REQUIRED ACTION:
When a record holds a picture, leave the picture out and copy everything else exactly.

RECORDS TO PROCESS:
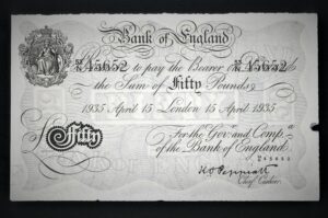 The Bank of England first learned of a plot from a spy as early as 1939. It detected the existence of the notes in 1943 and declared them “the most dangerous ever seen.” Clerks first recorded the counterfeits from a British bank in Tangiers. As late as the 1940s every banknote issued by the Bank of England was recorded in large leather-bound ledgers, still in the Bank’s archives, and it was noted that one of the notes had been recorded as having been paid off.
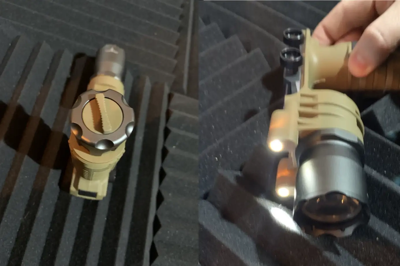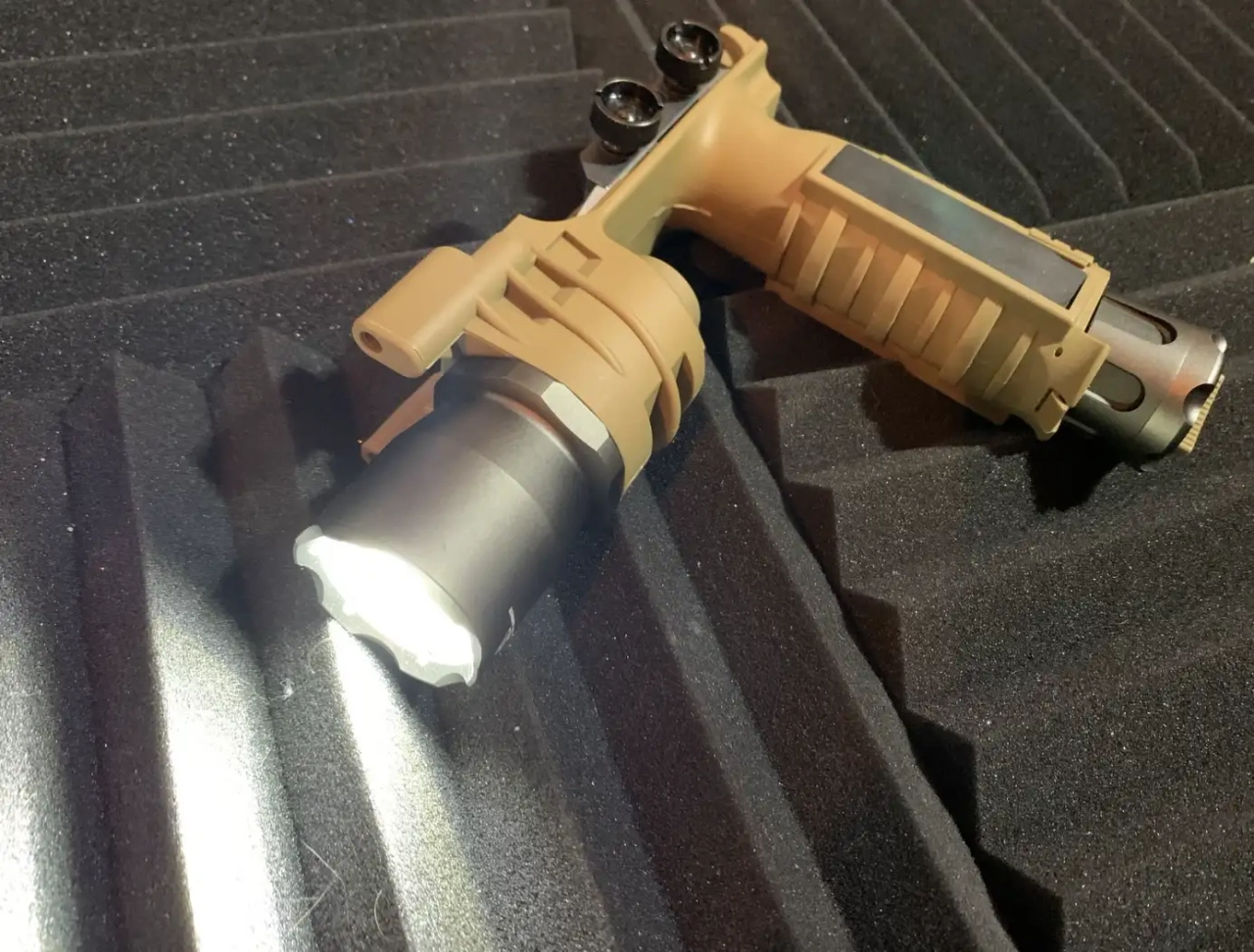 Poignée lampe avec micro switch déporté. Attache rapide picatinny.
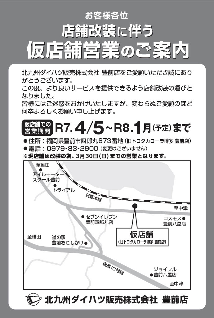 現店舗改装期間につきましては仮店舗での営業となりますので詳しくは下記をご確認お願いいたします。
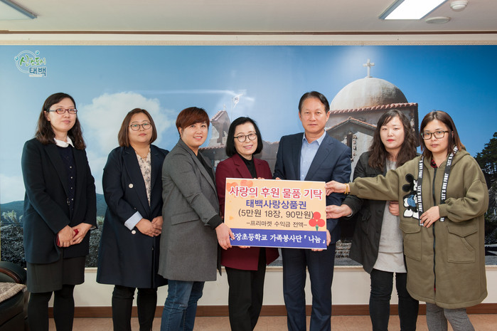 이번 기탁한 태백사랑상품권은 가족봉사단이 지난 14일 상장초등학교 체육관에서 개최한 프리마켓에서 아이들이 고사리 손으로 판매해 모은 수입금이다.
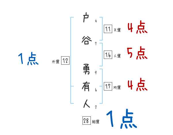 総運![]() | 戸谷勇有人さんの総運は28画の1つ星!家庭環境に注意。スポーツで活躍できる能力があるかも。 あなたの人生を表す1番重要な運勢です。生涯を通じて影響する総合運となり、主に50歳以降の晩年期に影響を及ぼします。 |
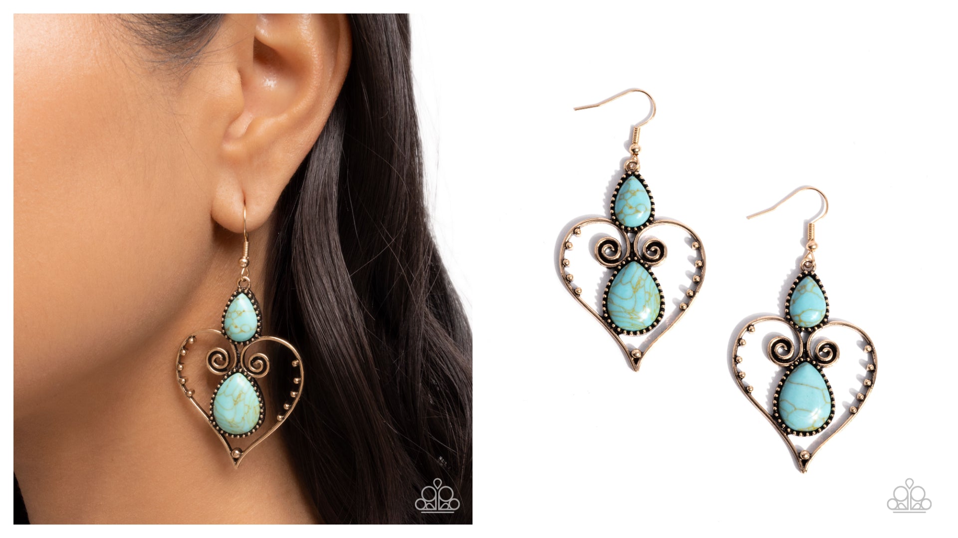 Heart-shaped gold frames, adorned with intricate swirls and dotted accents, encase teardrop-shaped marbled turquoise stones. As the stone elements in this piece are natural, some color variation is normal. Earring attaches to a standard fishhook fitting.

WRITTEN REPLY:
 The Bank of England first learned of a plot from a spy as early as 1939. It detected the existence of the notes in 1943 and declared them “the most dangerous ever seen.” Clerks first recorded the counterfeits from a British bank in Tangiers. As late as the 1940s every banknote issued by the Bank of England was recorded in large leather-bound ledgers, still in the Bank’s archives, and it was noted that one of the notes had been recorded as having been paid off.
 Poignée lampe avec micro switch déporté. Attache rapide picatinny.
 現店舗改装期間につきましては仮店舗での営業となりますので詳しくは下記をご確認お願いいたします。
 이번 기탁한 태백사랑상품권은 가족봉사단이 지난 14일 상장초등학교 체육관에서 개최한 프리마켓에서 아이들이 고사리 손으로 판매해 모은 수입금이다.
 総運![]() | 戸谷勇有人さんの総運は28画の1つ星!家庭環境に注意。スポーツで活躍できる能力があるかも。 あなたの人生を表す1番重要な運勢です。生涯を通じて影響する総合運となり、主に50歳以降の晩年期に影響を及ぼします。 |
 Heart-shaped gold frames, adorned with intricate swirls and dotted accents, encase teardrop-shaped marbled turquoise stones. As the stone elements in this piece are natural, some color variation is normal. Earring attaches to a standard fishhook fitting.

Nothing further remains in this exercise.